Friday, January 29, 2010

LOST: Fighting for a Rescue and Recovery?



So the wife and I have become addicted to LOST - just in time for the final season, which airs in a week. We're done with seasons 1 and 2 and expect to put a strong dent in season 3 this weekend.

Not dissimilar from the show and its warped themes of survival, good/evil, and fighting for rescues and recovery is the stock market these days. It's a stretch but follow me here. The markets were shipwrecked and in disarray in late 2008. Then in March 2009, the government provided much need stability to the chaos and the markets began to breathe easy again - like the LOST survivors who settled into somewhat comfortable digs after adjusting to their new apparent fate. However, just like some of them became too comfortable with their primitive luxuries and seemed content to live without fighting for rescue -- the markets have been on a hiatus -- living off the stimulitive measures of the government and riding positive earnings report and economic data report after another to continued new market value levels.

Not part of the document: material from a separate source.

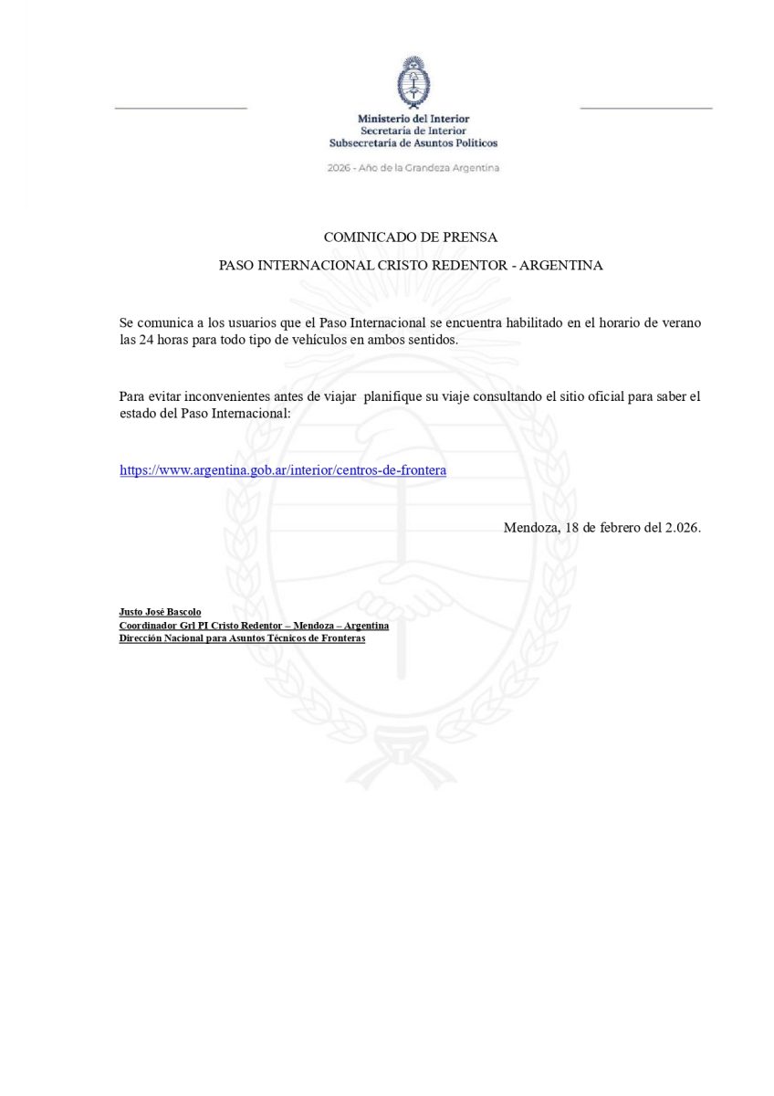 Paso Cristo Redentor: Habilitado las 24 horas para todo tipo de vehículos

However in the past month we've seen continued positive earnings (albeit some tough revenue reports) as well as positive economic data (5.7% GDP for 4th quarter 2009 today!) and yet the market has corrected about 7% from its recent highs of 1150. What's happening?

I would say that the economy has been quite stable and predictable sense March. The financial system was stabilized and dependable again. Unemployment peaked. And stimulitive measures gave autos and housing a boost, if not a stabilized bottom. However, these are temporary fixes - so the market (which priced these actions in as a full recovery must now reset and adjust to the reality). I would love to see a further decline to a level of 975 or 1015 on the S&P and then a very steady, almost flatline growth in the market in the next 6 months. I think that would accurately reflect reality. But there are traders and markets are more fickle, so while we may END at that point, the path there wont be quite so honest.

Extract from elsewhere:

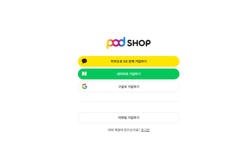 기존에는 자사몰을 운영하면서 POD SHOP을 이용하기 위해서는, 직접 요청하여 POD SHOP 채널 및 계정을 생성했습니다.
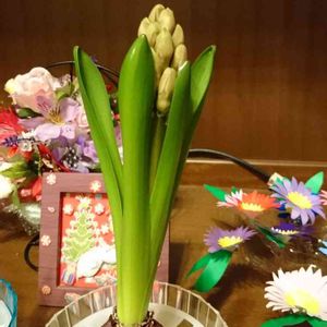 ヒヤシンスが 倒れそうと思ってたらなんと双子下からもう1つ出てきた。

The reason I believe that such a result would be an honest assessment of the economy is because the economy isn't ready to have a full handoff from government stimulus (which provided 5.7% GDP) to the private sector. The private sector can support a 1% or 2% GDP level of growth, but not 5.7%! And that's what the market has to adjust to reflect.

Some interesting thoughts that could affect the market -- if the yuan is revalued by China and US exports shoot through the roof. This would be a huge boost to the economy (and thus markets). On the negative side, we're going to have the government crutches removed during the 2Q of 2010 and the 2nd half of 2010 will rely almost solely on private growth. This is tough - at the end of march we lose the $1.25 TRILLION mortgage purchases by the government (rates may increase by 1% as a result). Also, while the Pres. has a jobs initiative and more government spending to help - he can't permanent create longterm growth and jobs. That simply takes time and a private sector infrastructure to support real job growht. It will come but not quickly. Plus, more government spending only continues to threaten our debt security and result in more taxation down the road.

The government is largely out of bullets, the economy will take time to heal PROPERLY, and the markets must adjust to reflect that.

Oh, and don't forget, some countries actually have a risk of going bankrupt - like Greece and Portugal. The result would be destabilization of finances and markets -- THIS WOULD BE BAD. Think of the effect that the destabilized nature of late 2008 had and its consequences.